Роман всегда меня внимательно слушал, когда я рассказывал подобное, и этот случай не был исключением. Я надеялся, что мои советы ему помогут, даже если он полностью не следовал им.
Затем мы стали играть в "Козла". Это была подобная игра, только немного интереснее. Было три действующих лица. Во-первых, – это волки. Во-вторых, – козлы. Ну, и, в-третьих, – пастух. На снегу чертился круг, в который вставали два козла. Они обхватывали друг друга за шею и становились так же, нагнувшись. Так же, в этом кругу был пастух, который одной рукой всегда держался за козлов. Вне круга обитали волки, которые запрыгивали на козлов и толкали их задницей, чтобы вытолкнуть из круга. Естественно, это и было их первостепенной целью. Конечно, у волков была неуязвимость. Пастух, ходивший по часовой стрелке и державшийся одной рукой за козлов, мог, так сказать, поймать волков.

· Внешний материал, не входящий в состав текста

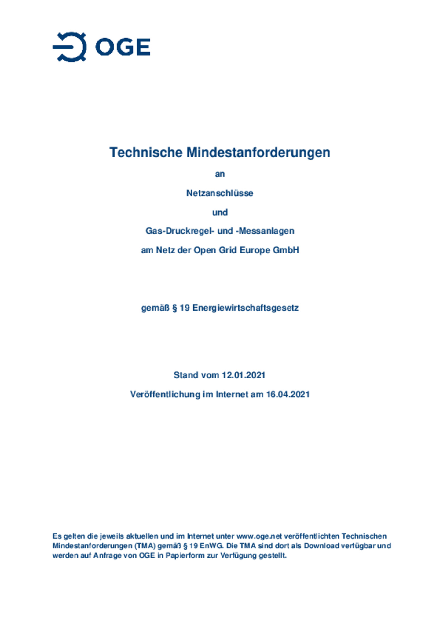 Vom 01.03.2021 bis 31.03.2021 stellte Open Grid Europe GmbH (OGE) eine überarbeitete Fassung der „Technischen Mindestanforderungen an Netzanschlüsse und Gas-Druckregel- und -Messanlagen am Netz der …Open Grid Europe GmbH“ (TMA) zur Konsultation.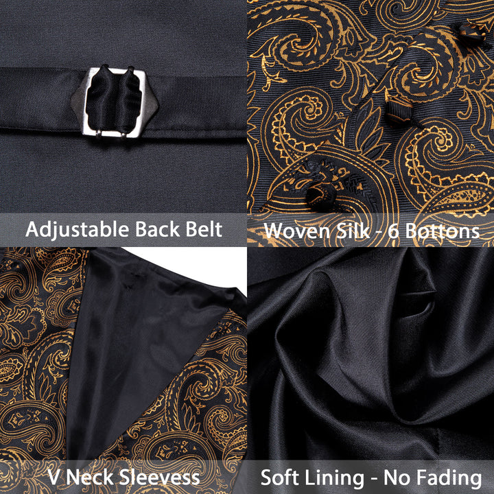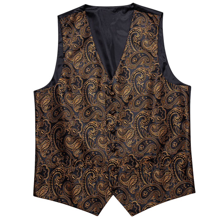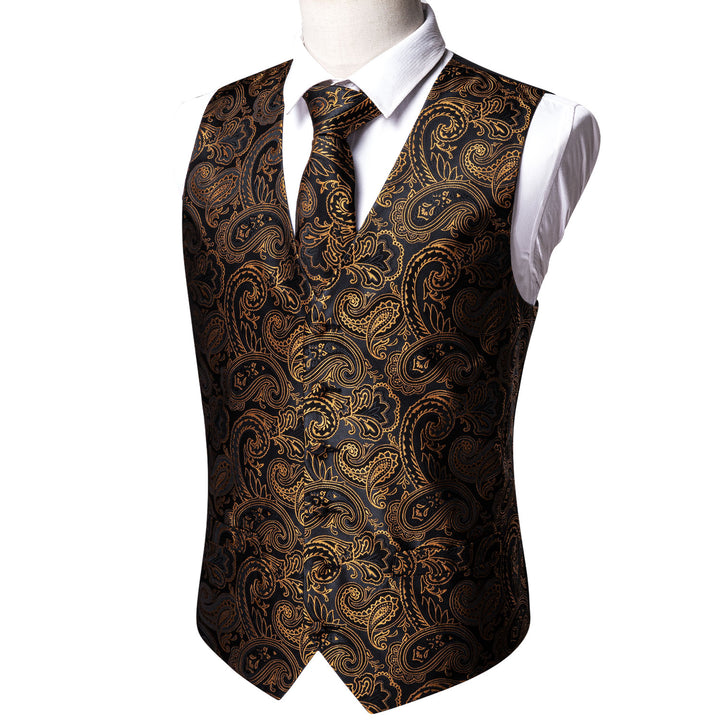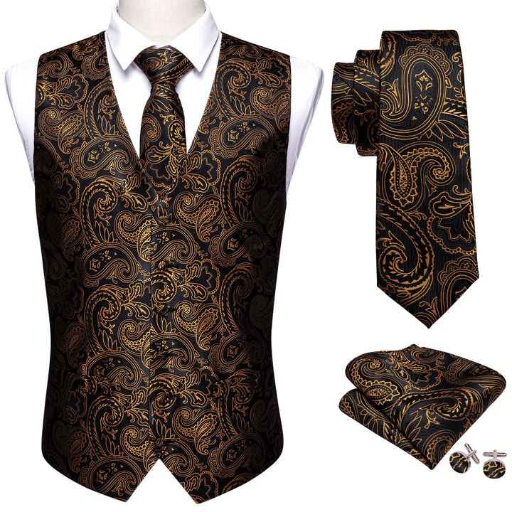 Black Golden Paisley Silk Men's Vest Tie Hanky Cufflinks Set Waistcoat Suit Set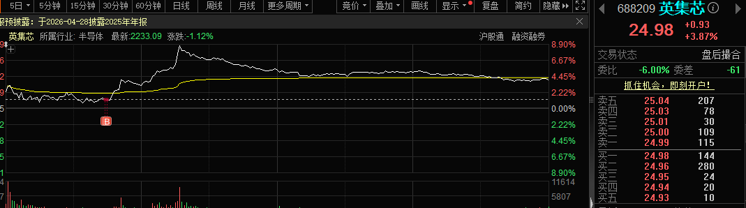 冲高大幅回落,不及预期。今日早盘已经买入。该股上市三年余,最高价31元左右,发行价24.23元。后市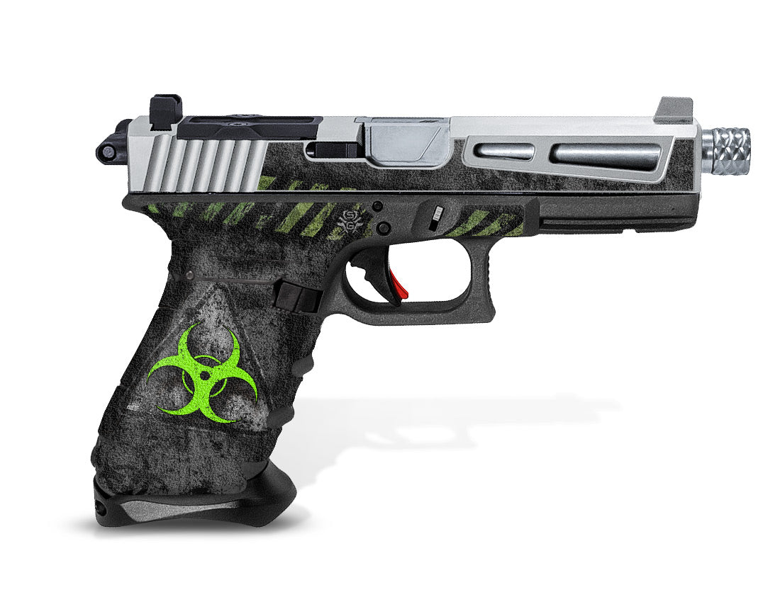 Decal Grip Kit for Glock Gen 3, G17 – Features Biohazard artwork and a textured, rubber-like grip surface to give you a better grip and more control of your firearm. Cover just the frame of your Glock 17 or add grip and style to the slide as well.
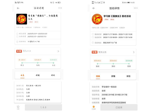 为了维护国旗的尊严,规范国旗的使用,增强公民的国家观念,弘扬爱国主义精神,培育和践行社会主义核心价值观,进一步宣传和普及新《国旗法》相关知识,在党委学工部指导下,校国旗护卫队分别在龙湖校区和凤阳校区举行以“学习新《国旗法》 弘扬爱国主义精神”为主题的教育活动,4800余名学生参加主题教育活动。
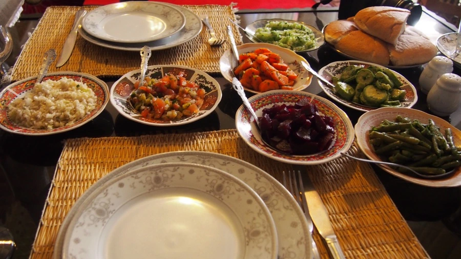스티븐과 나는 메인 메뉴 하나를 나눠먹으려 했지만 웨이터는 양이 너무 적다며 꼭 두 개 이상은 주문하는 게 좋다고 했다. 그의 말을 잘 믿은 우리는 카레와 타진을 각각 주문했다. 그런데 기본으로 제공되는 반찬부터 테이블을 가득 채웠고 두 개의 메인 요리까지 양을 보니 최소 4~5명은 거뜬히 먹을 수 있는 양이었다.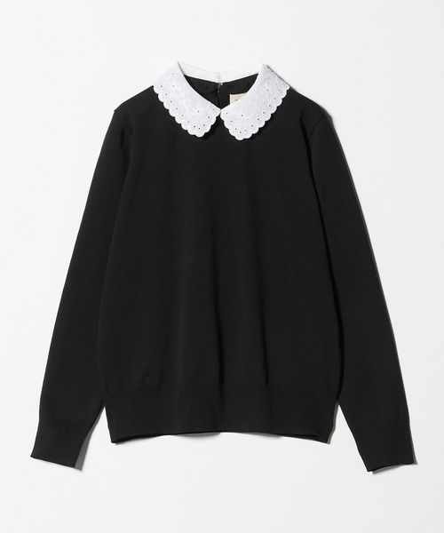 襟を外せば、ベーシックなクルーネックニットとして幅広く着回せる万能ニットトップスです。

Для этого ему нужно было достать ногами до ног волка, и тогда этот волк становился козлом, а пастух – волком. Достать до ног волка можно было, как когда он сидел на козлах (для этого нужно было поставить ногу на пятку, и другую ногу пяткой поставить на носок той ноги, чтобы создать некую башню из ног), так и когда пытался выбить их из круга своей пятой точкой (волк бил своей задницей в задницу козла). Мы закончили играть и в это. После игры я продублировал всё то, что говорил насчёт игры в "Слона", добавив, что помимо тех, кто сидит на шее, и тех, на чьей шее сидят, существует и пастух, который защитит тебя. Просто нужно ему довериться.
После того, как мы доиграли, я посмотрел на снег, который от солнца был таким ярким, что с лёгкостью слепил глаза. Как оказалось, бестеневые лампы тоже слепят глаза, ведь я смотрел именно на неё. Справа от меня висело зеркало, и, посмотрев в него, я понял, что выгляжу старее на несколько лет. Врач сказал, что всё будет хорошо, все останутся живы, и всё в этом духе. Главное, чтобы остались живыми воспоминания, – подумал я.
Глава четвертая.
Часть шестнадцатая. Шестнадцатилетие.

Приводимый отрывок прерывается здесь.